All of that happened last week during a Senate hearing that centered around how artificial intelligence and algorithms should be used in health care, which my colleague Casey Ross and I watched. The most pivotal parts were when a handful of Democrats indicated they do not trust the use of those tools within the Medicare Advantage program.

“Until CMS can verify that AI algorithms reliably adhere to Medicare coverage standards, by law, then my view on this is CMS should prohibit insurance companies from using them in their MA plans for coverage decisions,” said Sen. Elizabeth Warren (D-Mass.), who cited STAT’s investigation that found Medicare Advantage plans routinely reject care based on suggestions calculated by algorithmic programs. Read more to see what the experts said, including one who said monitoring AI ought to become a condition of eligibility for Medicare payment.

This hearing also came right after CMS put out a lengthy memo elucidating for Medicare Advantage plans that their AI tools, which predict things like lengths of stay in a nursing home, have to take a backseat to someone’s individual medical circumstances.

Oregon’s test case for more deal transparency

Physician practice buyouts almost always escape antitrust scrutiny. But Optum’s push to buy a clinic in Oregon is going through the public gauntlet — highlighting how more states want these types of deals to be subject to official oversight, my colleague Brittany Trang reports.

The laws establishing transparency around health care deals vary around the country. Oregon’s is among the more aggressive, which allowed Brittany to trawl through public comments. Let’s just say, a lot of people aren’t happy about Optum’s latest bid, but the clinic in question is also in dire financial straits and has no other option. Read Brittany’s story to see how this oversight is working in states, and how this Optum Oregon deal is shaking out.

Industry odds and ends

  • File this under “lol ok”: A bipartisan group of senators is going to try working on long-term fixes to Medicare’s payment system for physicians, my colleague Rachel Cohrs reports.
  • Cano Health finally filed for bankruptcy.
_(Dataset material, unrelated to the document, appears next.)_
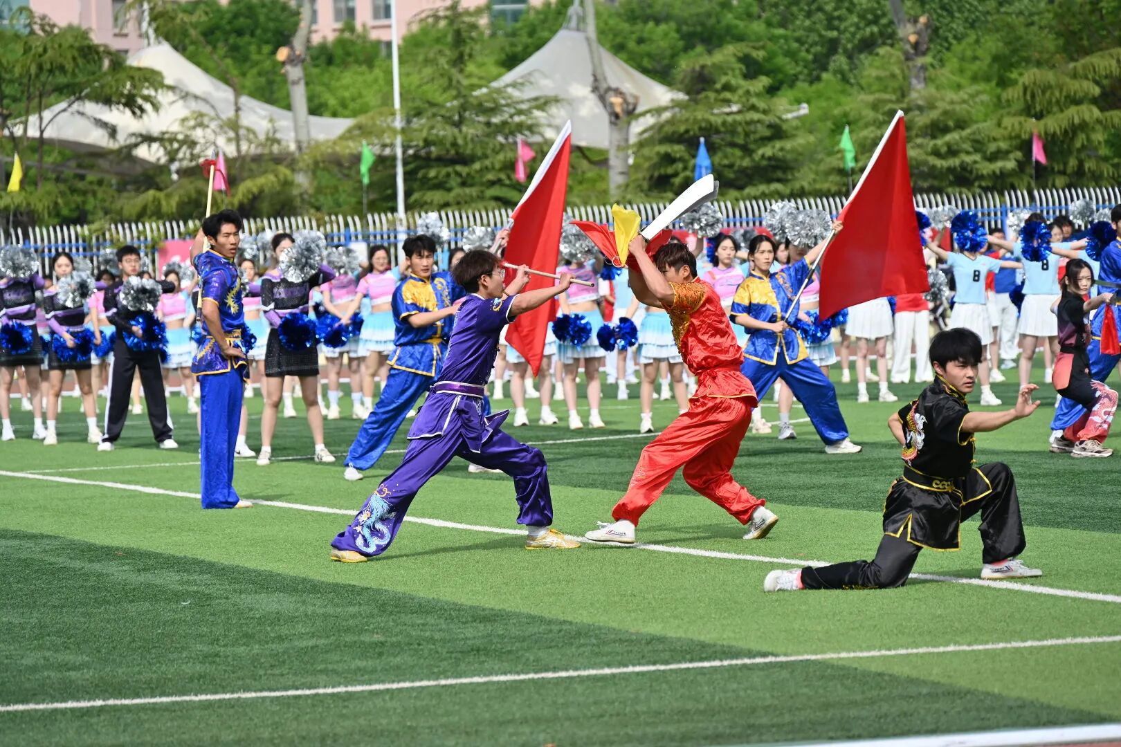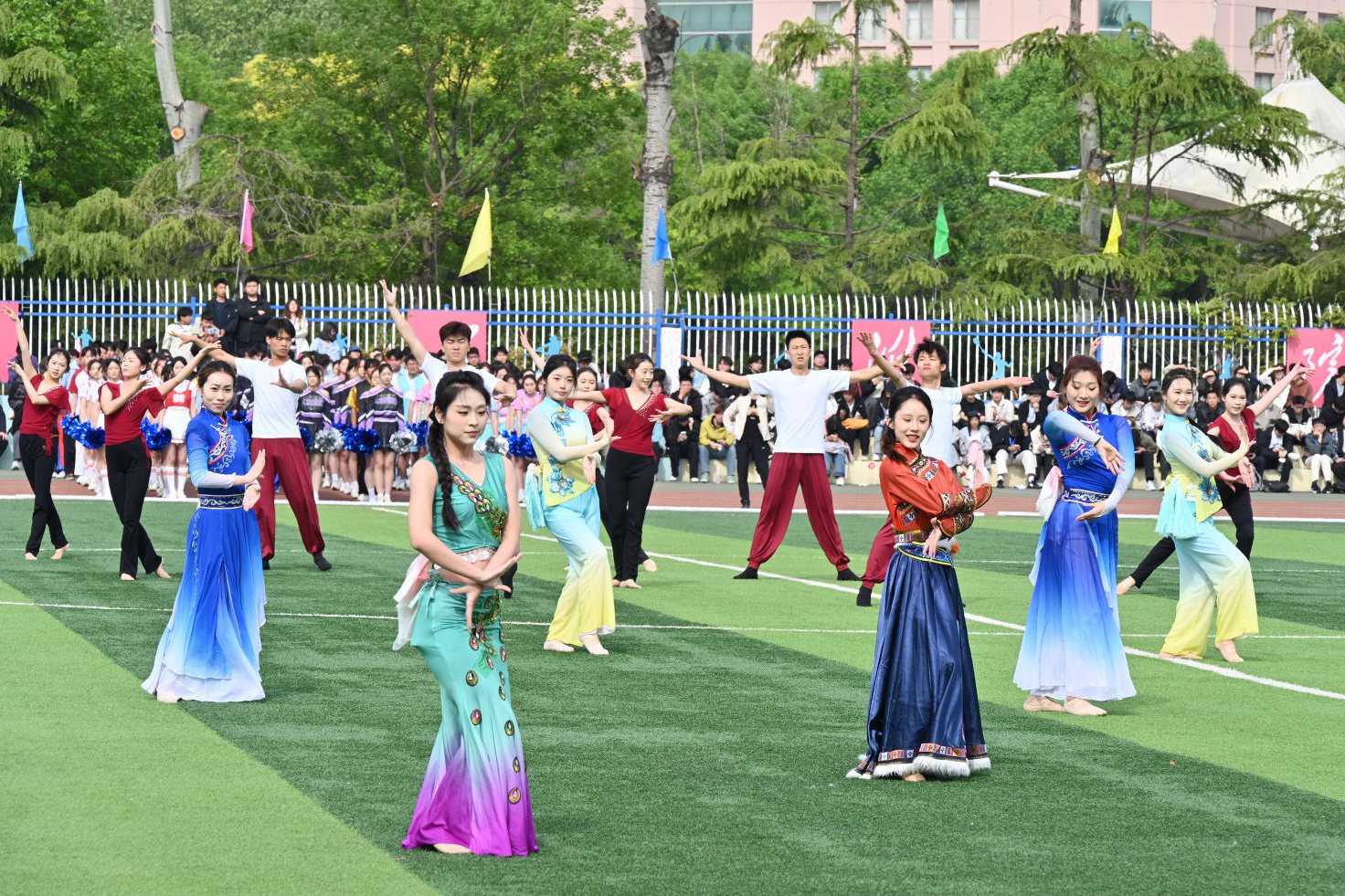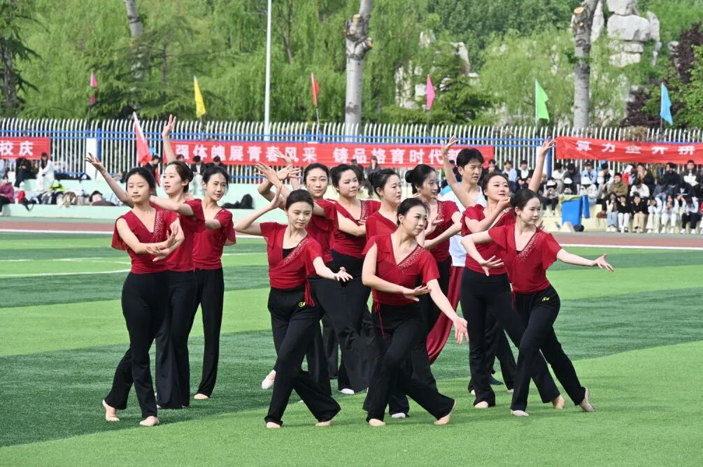 开幕式后举行了团体展演。音乐与舞蹈学院85名学生表演节目《雅韵风华 民族同辉》,刚柔并济间彰显中华文化底蕴。来自19个学院的475名学生组成方队,进行大型团体操展演《潍我自信 逐梦向前》。伴随着欢快旋律,各方阵缓缓聚拢、默契联动,最终定格为潍坊学院校标造型,象征全体学子同心向校、自信自强。

Tara has the details.
  • The Louisiana Department of Insurance is holding a two-day hearing, on Wednesday and Thursday, over Elevance Health’s potential acquisition of Blue Cross Blue Shield of Louisiana.
  • Speaking of Blues plans, they remain “financially strong and continue to gain new members,” according to an analysis from Mark Farrah Associates.
  • Penn State Health agreed to pay the Department of Justice $12 million after discovering that some claims it submitted to Medicare for “annual wellness visits … were not supported by the medical record.” Curious if other hospitals and provider groups will self-disclose wellness visit errors to the feds.
  • AstraZeneca CEO Pascal Soriot on Medicare’s initial negotiation offer for one of its drugs: “relatively encouraging,” my colleague Drew Joseph reports.
  • Extremely good journalism: Dominique Mosbergen of the Wall Street Journal revealed the names of more than 500 funeral homes that have exploited grieving customers, often by not disclosing prices for their services. But those “bad actors have been hidden from the public thanks to a sweetheart deal struck between the FTC and the funeral industry more than 25 years ago,” she reports.